SentienceBrowser(api_key, api_url, headless)

Creates a browser instance with the Sentience extension loaded.

Parameters:

  • api_key (str, optional): Your SentienceAPI subscription key
  • api_url (str, optional): Custom API endpoint
  • headless (bool, optional): Run browser in headless mode

Example:

# Free tier (local processing only)
browser = SentienceBrowser(headless=False)

# Pro tier (server-side processing)
browser = SentienceBrowser(api_key="sk_...", headless=True)

# Context manager (auto-closes)
with SentienceBrowser(api_key="sk_...") as browser:
    browser.page.goto("https://example.com")
    # Browser automatically closes when done

Snapshot API

↑ Back to top

snapshot(browser, screenshot, limit, filter, use_api)
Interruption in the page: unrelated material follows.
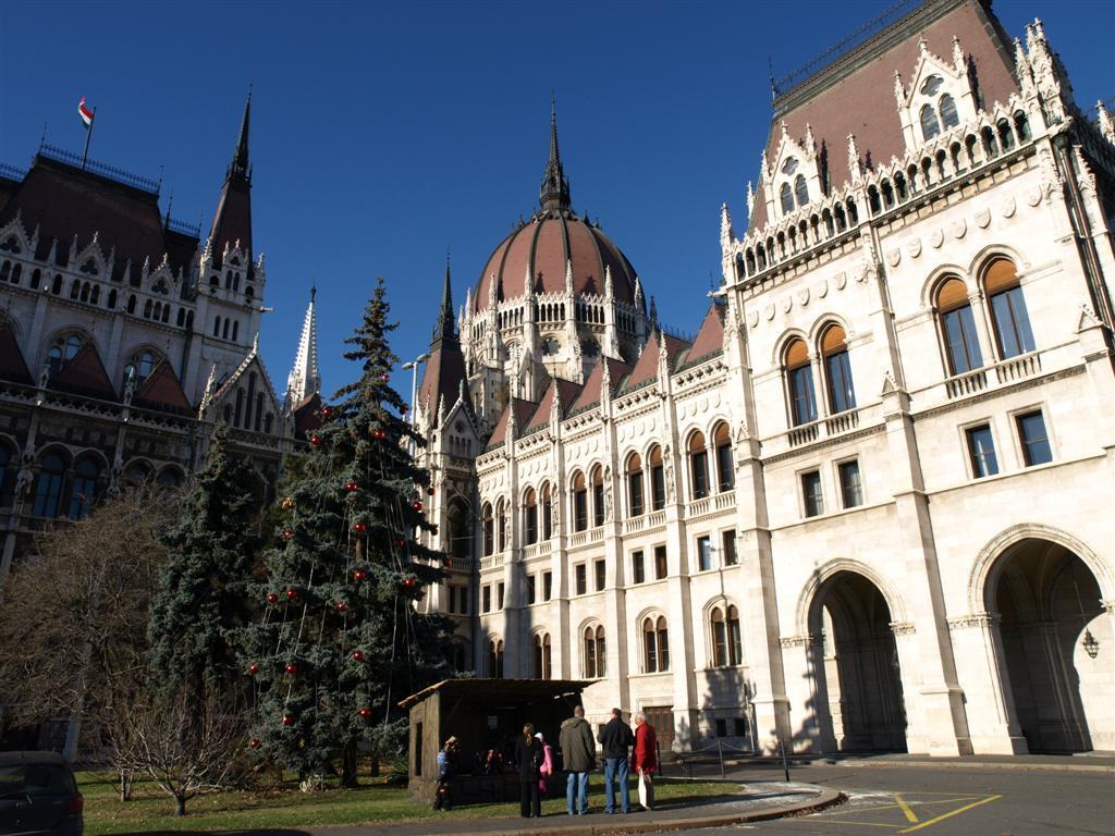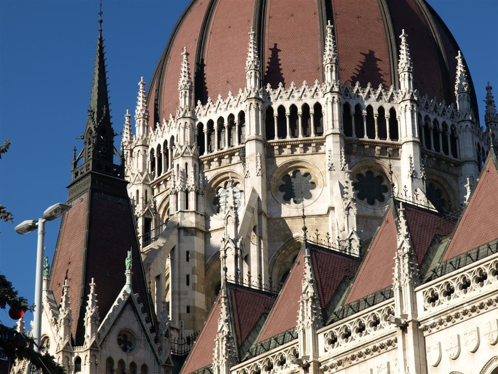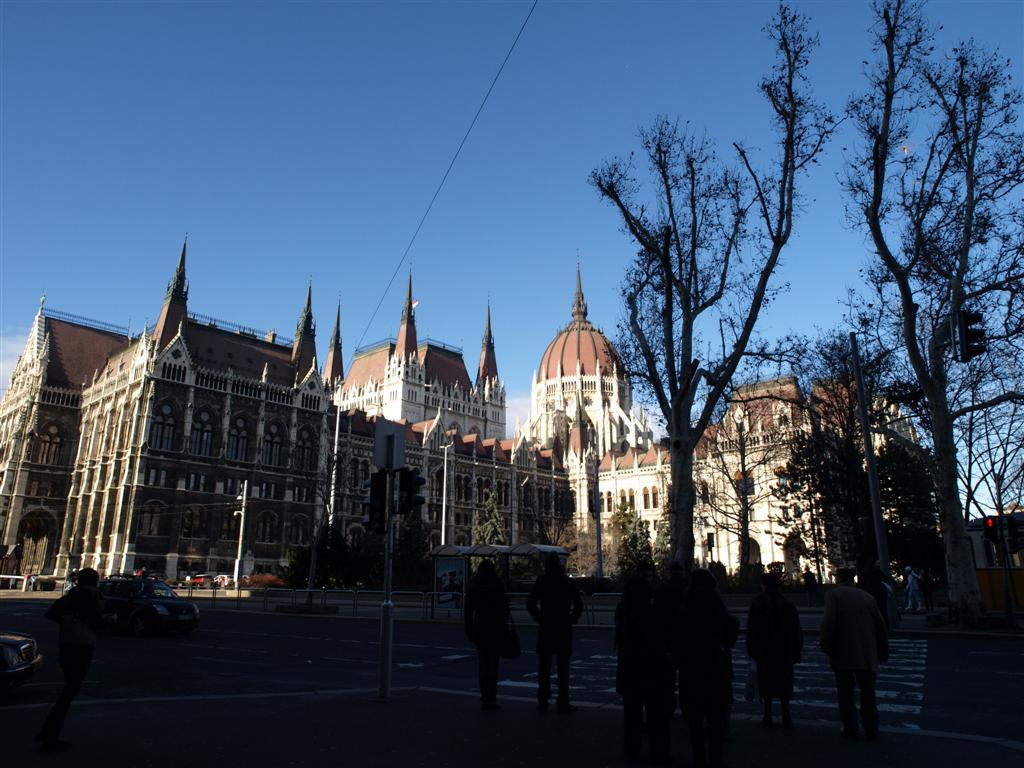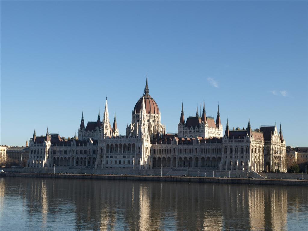ペスト側でもうひとつ目立つ建造物といえば、国会議事堂。1885年から建設されて 1902年に完成したのだそうで、実はそれは聖イシュトヴァーン教会が完成した時(1905年)とほぼ同じ。同じ時期に建設されたことがおそらくその理由だとは思うのだけれど、国会議事堂の中央のドームの高さは聖イシュトヴァーン教会のそれとまったく同じの 96メートル。ドームを中心に左右の翼が広がる様は対岸の王宮ともその姿形が似ているなぁと思ったりします。

Captures the current page state and returns all interactive elements with semantic information.

Credit Consumption

When api_key is provided, this calls the server-side /v1/snapshot endpoint which consumes 1 credit per call (metered billing).

Parameters:

  • browser (SentienceBrowser): Browser instance
  • screenshot (bool or dict, optional): Capture screenshot. True for PNG, or {"format": "jpeg", "quality": 80}
  • limit (int, optional): Maximum elements to return (default: 50 server, all local)
  • filter (dict, optional): Filter options (min_area, allowed_roles, min_z_index)
  • use_api (bool, optional): Force server API (True) or local (False)

Returns:

Snapshot object with: elements, url, viewport, timestamp, screenshot

Example:

# Basic snapshot
snap = snapshot(browser)

# With screenshot and limit
snap = snapshot(browser, screenshot=True, limit=200)

# Force local processing (no credits)
snap = snapshot(browser, use_api=False)

# With filtering
snap = snapshot(browser, filter={
    "min_area": 100,
    "allowed_roles": ["button", "link"]
})

Element Properties:

  • id: Unique identifier for clicking
  • role: Semantic role (button, link, textbox, etc.)
  • text: Visible text content
  • importance: AI importance score (0-1000)
  • bbox: Bounding box (x, y, width, height)
  • visual_cues: Visual analysis (is_primary, is_clickable, background_color)
  • in_viewport: Is element visible?
  • is_occluded: Is element covered?

find(snapshot, selector)

Finds the single best matching element (by importance score).

Example:

button = find(snap, "role=button text~'Submit'")
if button:
    print(f"Found: {button.text} (importance: {button.importance})")

query(snapshot, selector)

Finds all matching elements (returns list).

Example:

all_buttons = query(snap, "role=button")
print(f"Found {len(all_buttons)} buttons")

Query DSL Operators

=Exact match: "role=button"
!=Not equal: "role!=link"
~Contains: "text~'sign in'"
^=Starts with: "text^='Add'"
$=Ends with: "text$='Cart'"
>/<Comparisons: "importance>500"

Query Examples:

# Find by role
button = find(snap, "role=button")

# Find by text (contains, case-insensitive)
link = find(snap, "role=link text~'more info'")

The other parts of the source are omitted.